Available at: https://digitalcommons.calpoly.edu/theses/1340
Date of Award
MS in Biomedical Engineering
Biomedical and General Engineering
Skin cancer is the most common type of cancer in the US. The American Academy of Dermatology estimated that more than 3.5 million new cases of skin cancer are diagnosed in the US each year and 1 in 5 Americans will likely to develop skin cancer in their life time. Most cases of skin cancer are caused by exposure to ultraviolet (UV) radiation from the sun. Some of the most common sunscreen ingredients are unstable and can form harmful radicals upon exposure to UV radiation. There is a strong clinical need for a more stable and effective sunscreen ingredient such as bovine milk phospholipids (MP). Phospholipids were shown to have beneficial health effects such as regulation of the inflammatory reactions, protective effects against colon cancer, and reducing cardiovascular risk factors. Previous histology and MTT tissue viability research studies suggested that MP act upon skin cells in a protective manner against UV radiation.
This thesis aims to further investigate the protective effects of bovine milk phospholipids by evaluating the expression of a UV-induced DNA damage marker, cyclin-dependent kinase inhibitor, p21WAF1/CIP1. Western blots were used to quantify p21 expression in human keratinocytes in four categories of samples: No-UV, UV, UV+MP, MP and in HeLa (p21 positive control). In the No-UV samples, cells were not irradiated by UV light. However, in the UV samples, keratinocytes were exposed to a UV dosage of 10 mJ/cm2. In the UV+MP samples, keratinocytes were first treated with 1% MP solution (w/v) in their culture media for 24 hours then exposed to a UV dosage of 10 mJ/cm2. In MP, keratinocytes were treated with 1% MP solution in their culture media for 24 hours.
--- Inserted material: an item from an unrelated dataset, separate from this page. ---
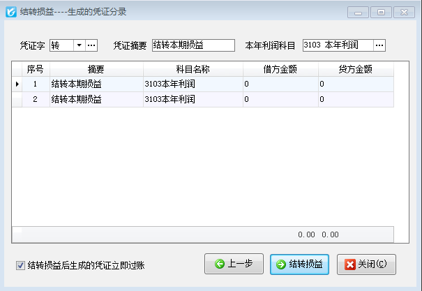 ????點“下一步”按鈕,軟件會自動生成相應的憑證分錄,點“結轉損益”按鈕即可結轉余額到“本年利潤”科目。可以打勾選擇“結轉損益后生成的憑證立即過賬”復選框,則相應的憑證會自動審核過帳。

Total cell proteins were extracted 24 hours post-UV irradiation. The same amount of protein from each sample (determined by BCA assay) was loaded into a 4-12% Bis-Tris SDS-PAGE gel, run under denaturing, non-reducing conditions then blotted and treated with antibodies for the quantitative detection of p21 proteins. Finally, intensities of p21 protein bands were analyzed by using ImageJ software.
Under non-reducing conditions, three p21 proteins covalently bonded with each other showed up as 63 KDa molecules on the PVDF membrane. The UV, and HeLa samples showed a 2.28 fold, and 1.23 fold increase in p21 expression, respectively, compared with the No-UV samples control. The MP samples showed a 0.948 fold decrease in p21 compared with the No-UV samples, and the UV+MP samples showed only a 1.13 fold increase in p21. When comparing with the UV sample, the UV+MP sample has 50.4% less p21 expression. Less p21 expression in the UV+MP sample compare with the UV sample suggested that less DNA damage occurred in the sample that was treated with milk phospholipids. This result strongly suggests that 1% bovine milk phospholipids can protect skin cells from UV induced DNA damage.